Thank you, this was a good exercise and I did learn something new today.
Unless my memory fails me, RouterOS did not always act like this, as I did block myself in the past.
That was several years ago.

who knows, it could have been was a mis-diagnosis of plain lack of understanding at that time. My first router had RouterOS v5.x. There were no "defconf" rules and I bricked it by excessive writes to nand flash. Learned a lot though

@CGGXANNX

Can you elaborate more on DHCPv6 firewall rules?

The reason I ask.

I thought that 255.255.255.255 can be both broadcast and multicast and how it relates to DHCPv4.

255.255.255.255 and IPv6 are different worlds.

Anyway, I would not use that address in a firewall rule, but instead use the “address type” selector and choose “broadcast” and “multicast”.

I was referring to DHCPv4 and multicast.

Also, just remember what effects does firewall rules have when it comes to DHCP snooping if enabled.

On Linux some DHCP server implementations (not all) use raw socket hooks therefore bypassing firewall altogether and there is nothing dirty about it. Same is on RouterOS where not only DHCP but also MAC telnet and ping which are using udp 20561, on the other hand MTRDP (MT ROS neighbour discovery) does not and can be blocked by firewall.

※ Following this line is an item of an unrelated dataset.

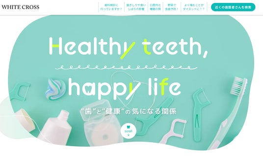 歯科医料業界の専門メディアであるWHITE CROSSは、いい歯の日に際して、一般消費者の方に向けた特設サイトを開設し、今回の実態調査の結果や歯科医料領域で明らかになった最新情報を解説しています。

The use of a raw socket is convenient on receive, because it allows to listen only on a specific interface (a “clean” socket listening for broadcasts would receive them from all interfaces, and a trick would still be required to get the interface info), but it is REQUIRED to have it on transmit, because the DHCP replies should be sent to the requestor which does not know its address yet. A “clean” socket would trigger an ARP exchange to derive the HW address from the IP address, which would not work.